I can't seem to find how $A_{n}(q)=q^nA_{n-1} (q)$ iterates to
$$A_{n}(q) = q^{n+1 \choose 2}A_{0}(q)$$
Where ${a \choose 2} = a(a-1)/2$ and absolute value of q is less than 1.

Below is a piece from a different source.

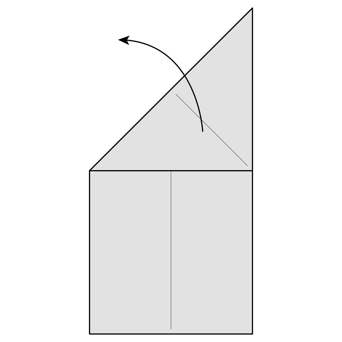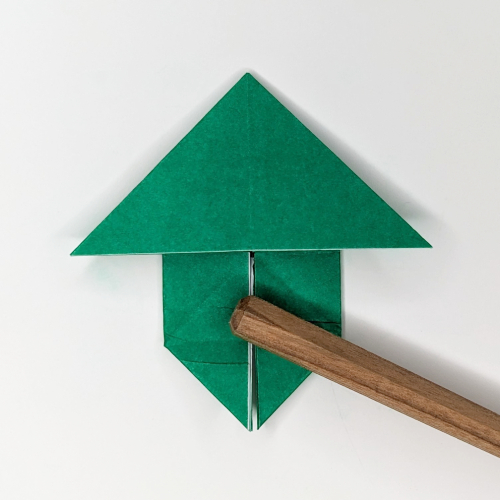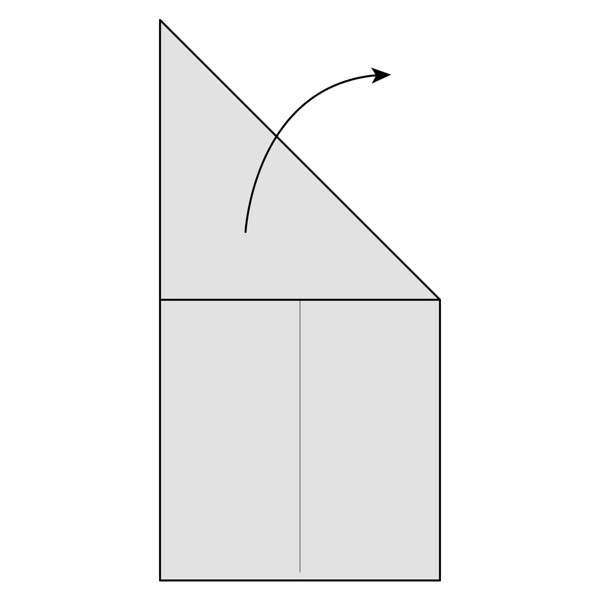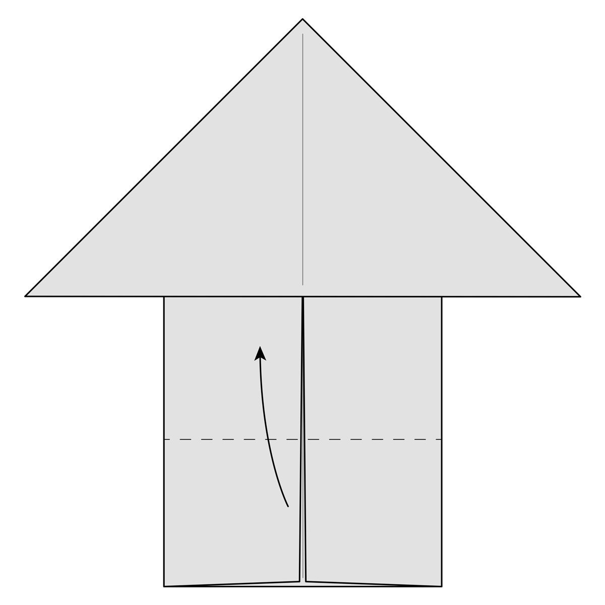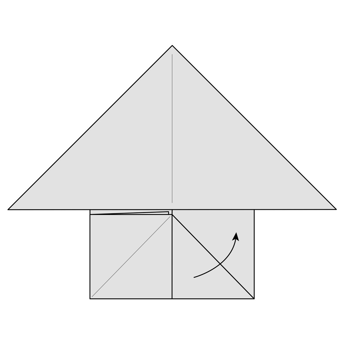 Fold the right side of the paper towards the center along the dotted line. Again, don’t fold the top triangle, but tuck the paper in behind it.
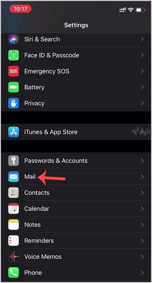 2. Scroll down and tap on Mail.

I understand that I am supposed to find $q^nA_{n-1} (q)$ in terms of $n-2$ and then so on until $n-n$ but I can't seem to figure it out. Thanks!
On
Simply look at the first terms: $$A_1(q) = q A_0(q)$$ $$A_2(q) = q^2 A_1(q) = q^2 \cdot q A_0(q)$$ $$A_3(q) = q^3 A_2(q) = q^3 \cdot q^2 \cdot q A_0(q)$$ and so on. The $n$-th term will be (using induction) $$A_n(q)=q^n \cdots q^2 \cdot q A_0(q) = q^{n+\cdots +2+1} A_0(q)$$ Finally, you should know that $n+ (n-1)+ \cdots + 2+1 = \binom{n+1}{2}$, and the result is proved.
On
$$A_{n}(q)=q^nA_{n-1} (q)$$
Firstly Put $n=1$
$$A_{1}(q)=q^1A_{0} (q)$$
then Put $n=2$
$$A_{2}(q)=q^2A_{1} (q)$$
We got $A_{1}(q)=q^1A_{0} (q)$ in first step $$A_{2}(q)=q^2A_{1} (q)=q^2 .q^1A_{0} (q)=q^{1+2} A_{0} (q)$$
then Put $n=3$ $$A_{3}(q)=q^3A_{2} (q)$$ We got $A_{2}(q)=q^{1+2} A_{0} (q) $ in second step $$A_{3}(q)=q^3A_{2} (q)=q^3 .q^{1+2} A_{0} (q)=q^{1+2+3} A_{0} (q)$$
If you continue $n$ steps in this way , finally you will get:
$$A_{n}(q)=q^{1+2+3+....+n} A_{0} (q)$$
Consider the sequence $\log A_n(q)$, which satisfies
$$ \log A_n(q) = n \log q + \log A_{n-1}(q). $$
Iteratively, we obtain
$$ \begin{align} \log A_n(q) &= n \log q + \log A_{n-1}(q) \\ &= n \log q + (n-1)\log q + \log A_{n-2}(q) \\ & \qquad \vdots \\ &= n \log q + (n-1)\log q + \dots + \log q + \log A_0(q) \\ &= (n + (n-1) + \dots + 1)\log q + \log A_0(q) \\ &= \frac{n(n+1)}{2}\log q + \log A_0(q) \end{align} $$ and exponentiating gives the result.